No need for gasoline, diesel or gas delivery networks. Most methods of transport electrified and no pollution from engines. The air would be sweeter. The cities quieter.
Living off grid would involve far less disadvantages if batteries could be charged by local renewable generators. It might arrest the mass migrations to cities that are affecting much of the developing world.
There would be a huge increase in human productivity across the world as stored electricity lit up the world without dependency on a grid.
It would be like the second electrical revolution such as we saw in the early years of the twentieth century. It would have a profound effect on the world economy.
And of course there would be ray guns.
I got rather excited about superconductivity when it was thought it may be possible at room temperature. Electric current going around in circles with high charge and discharge rates.
10x the energy density of current batteries? That would be nice, but I don’t think it would be based on the chemical storage mediums we have, now.
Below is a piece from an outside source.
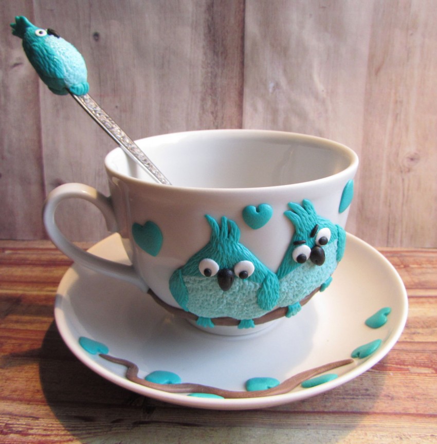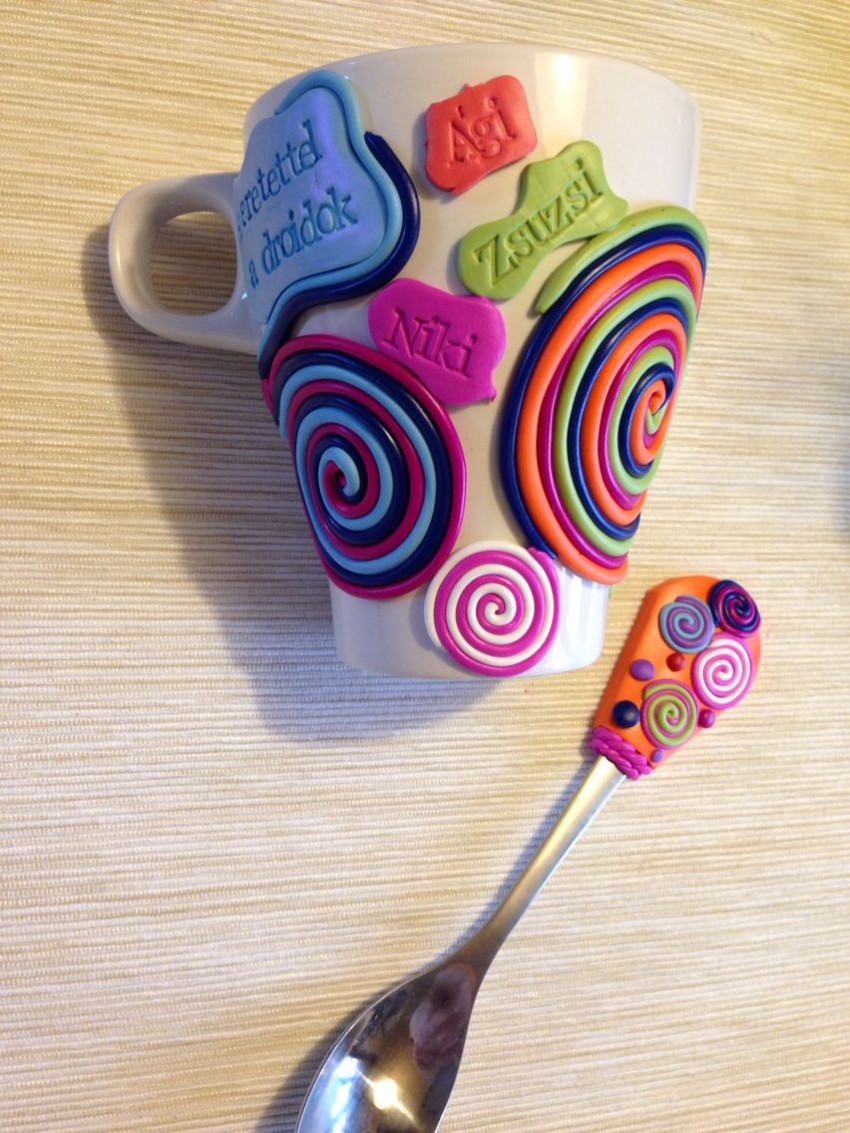 Целую линию полимера предлагает фирма «Полиформ Продактс». Но этот материал выбирают, как правило, скульпторы. Помимо твердой все вышеперечисленные фирмы производят пластику жидкую, представляющую собой гель. Это тягучий прозрачный материал, затвердевающий после проведенной температурной обработки. Декор кружек и ложек полимерной глиной может быть выполнен и с помощью геля, возможности которого также безграничны. Перед тем как купить этот удивительный материал, следует выбрать изделие, которое и будет украшаться. Исходя из его цвета, нужно будет определиться с тоном пластики. Пусть для начала их будет два или три. Среди них должен быть брусок белого цвета, которым можно будет разбавлять более насыщенные краски.

We’d need batteries with pretty heavy-field magnets that regulate an electron plasma (As was previously stated).
However, if we had the capability, I think we would use it for miniaturization more than progress. That’s really what battery advances in the past have done. Our cell phones get smaller, but they operate the same. Our electric cars no longer require batteries as the only passenger, but they aren’t fundamentally different to the electric cars 100 years ago…or even much different from the electric vehicles used in supermarkets and golf courses.
We’d get an iPhone 12 that weighs half as much as one does now, though.
There has been quite an informed discussion on Reddit on the subject of whether a nuclear powered mobile phone would be possible.
Sadly reality fell short of the dream. Rather too many disadvantages associated with humans getting ‘close up and personal’ to a radiation source. Though I was not for the want of trying.
They would change everything instantly. But you left out one important factor and that’s the time it takes to recharge. Add that in and all portable energy intensive devices will run on batteries only.